* WHAT YOU SHOULD DO:
When you reach the line that contains "展場的最後以莫內《睡蓮》收尾" in the data below, start reproducing lines exactly, and stop after the line that contains "Борьба с коррупцией".

* PROVIDED RECORDS:

════════════════

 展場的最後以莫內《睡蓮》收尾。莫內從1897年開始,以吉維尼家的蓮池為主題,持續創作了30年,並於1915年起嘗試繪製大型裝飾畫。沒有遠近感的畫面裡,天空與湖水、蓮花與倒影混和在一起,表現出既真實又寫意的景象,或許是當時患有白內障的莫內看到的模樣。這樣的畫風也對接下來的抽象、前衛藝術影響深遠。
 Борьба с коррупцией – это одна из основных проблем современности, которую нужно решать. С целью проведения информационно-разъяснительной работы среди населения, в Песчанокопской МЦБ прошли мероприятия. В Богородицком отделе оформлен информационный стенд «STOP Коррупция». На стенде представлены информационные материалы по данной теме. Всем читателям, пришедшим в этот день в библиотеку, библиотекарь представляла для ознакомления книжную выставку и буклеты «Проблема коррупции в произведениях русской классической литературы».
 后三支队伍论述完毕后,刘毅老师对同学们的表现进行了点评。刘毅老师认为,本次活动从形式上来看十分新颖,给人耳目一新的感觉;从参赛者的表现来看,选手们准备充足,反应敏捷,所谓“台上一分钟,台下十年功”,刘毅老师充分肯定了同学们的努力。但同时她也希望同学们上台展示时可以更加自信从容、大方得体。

════════════════

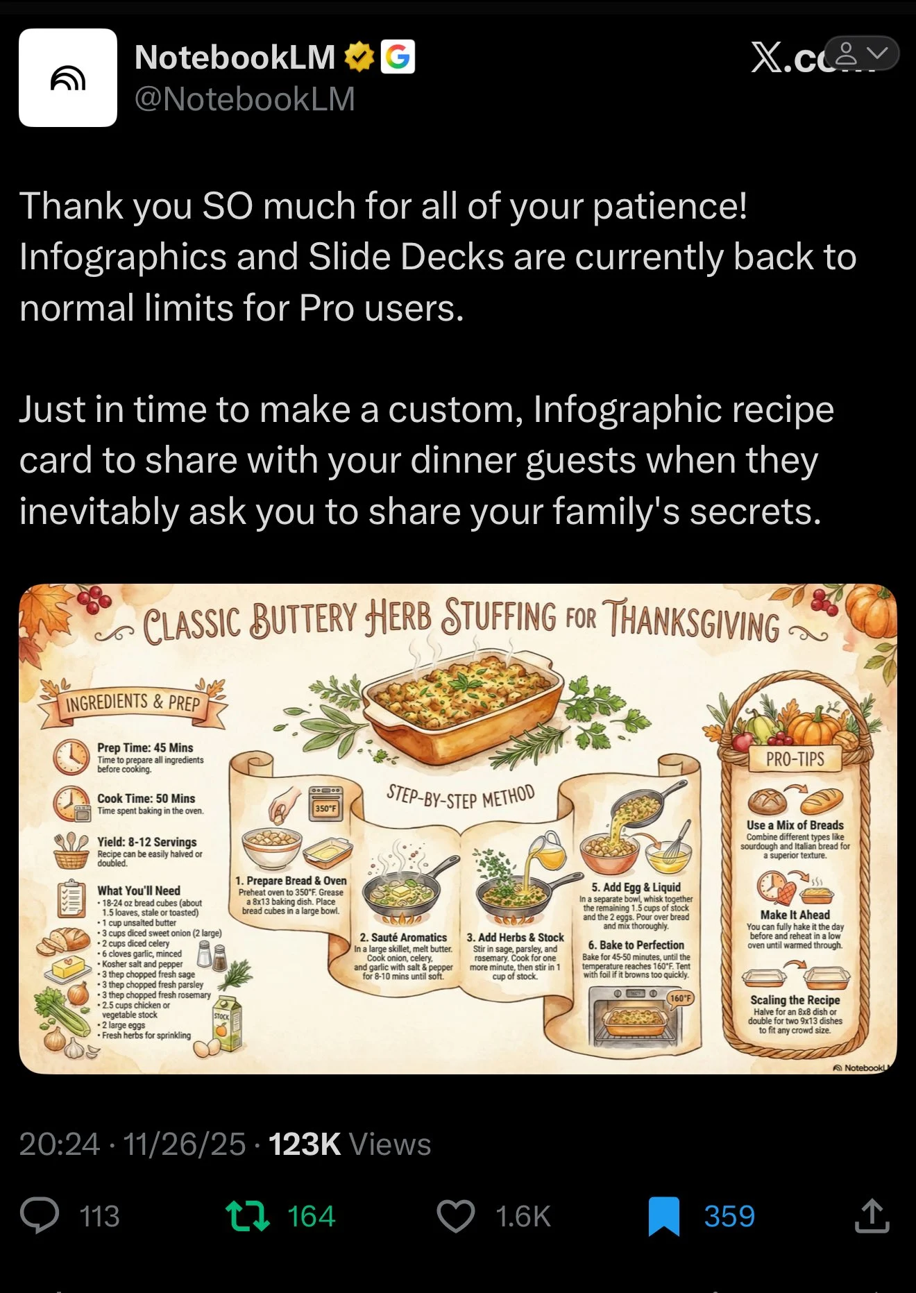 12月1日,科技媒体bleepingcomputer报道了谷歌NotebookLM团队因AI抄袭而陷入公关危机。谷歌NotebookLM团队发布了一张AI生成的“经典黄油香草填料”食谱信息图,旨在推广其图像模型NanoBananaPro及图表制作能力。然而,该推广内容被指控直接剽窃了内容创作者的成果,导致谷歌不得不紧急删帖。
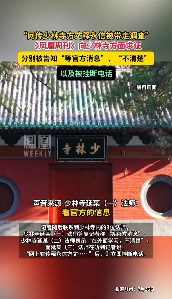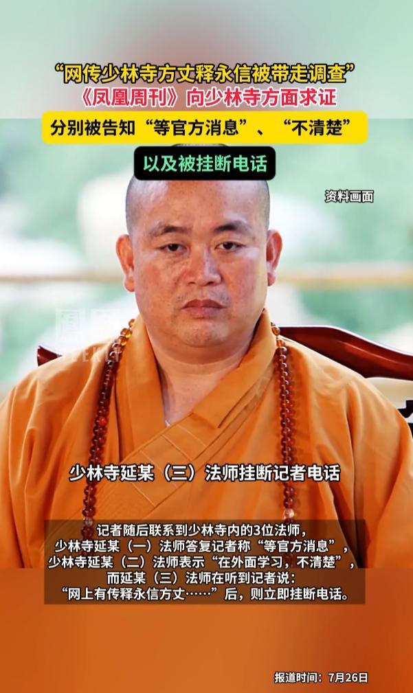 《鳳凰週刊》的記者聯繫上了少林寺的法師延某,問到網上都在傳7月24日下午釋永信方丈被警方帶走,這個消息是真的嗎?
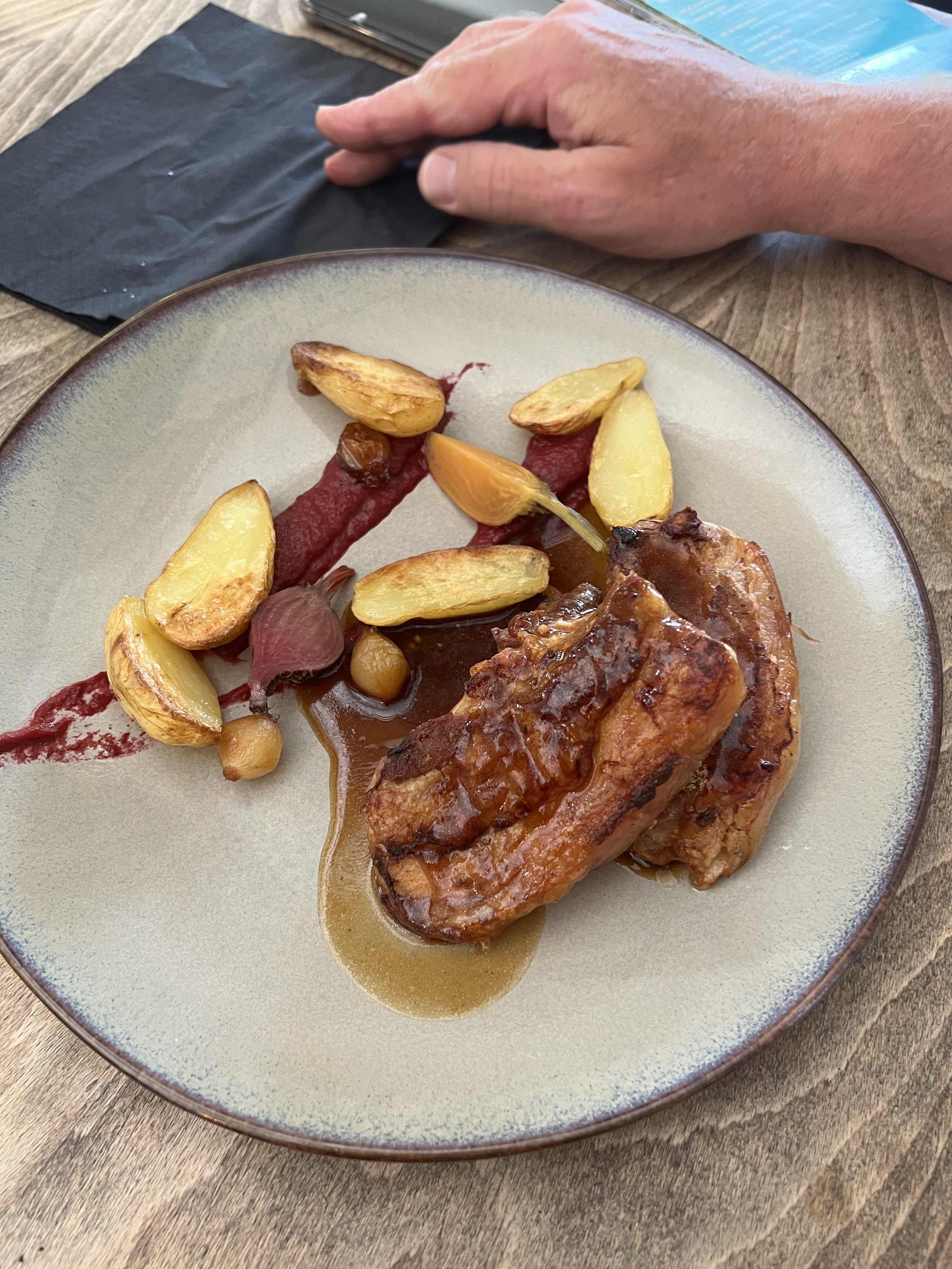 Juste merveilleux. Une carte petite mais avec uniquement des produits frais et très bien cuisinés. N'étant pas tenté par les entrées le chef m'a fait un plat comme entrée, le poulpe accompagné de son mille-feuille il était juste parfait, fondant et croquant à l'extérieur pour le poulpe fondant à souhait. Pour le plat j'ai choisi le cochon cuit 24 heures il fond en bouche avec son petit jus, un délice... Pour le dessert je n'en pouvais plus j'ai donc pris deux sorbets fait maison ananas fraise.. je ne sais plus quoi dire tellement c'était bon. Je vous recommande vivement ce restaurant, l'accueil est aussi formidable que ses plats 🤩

════════════════

* YOUR SOLUTION:
 展場的最後以莫內《睡蓮》收尾。莫內從1897年開始,以吉維尼家的蓮池為主題,持續創作了30年,並於1915年起嘗試繪製大型裝飾畫。沒有遠近感的畫面裡,天空與湖水、蓮花與倒影混和在一起,表現出既真實又寫意的景象,或許是當時患有白內障的莫內看到的模樣。這樣的畫風也對接下來的抽象、前衛藝術影響深遠。
 Борьба с коррупцией – это одна из основных проблем современности, которую нужно решать. С целью проведения информационно-разъяснительной работы среди населения, в Песчанокопской МЦБ прошли мероприятия. В Богородицком отделе оформлен информационный стенд «STOP Коррупция». На стенде представлены информационные материалы по данной теме. Всем читателям, пришедшим в этот день в библиотеку, библиотекарь представляла для ознакомления книжную выставку и буклеты «Проблема коррупции в произведениях русской классической литературы».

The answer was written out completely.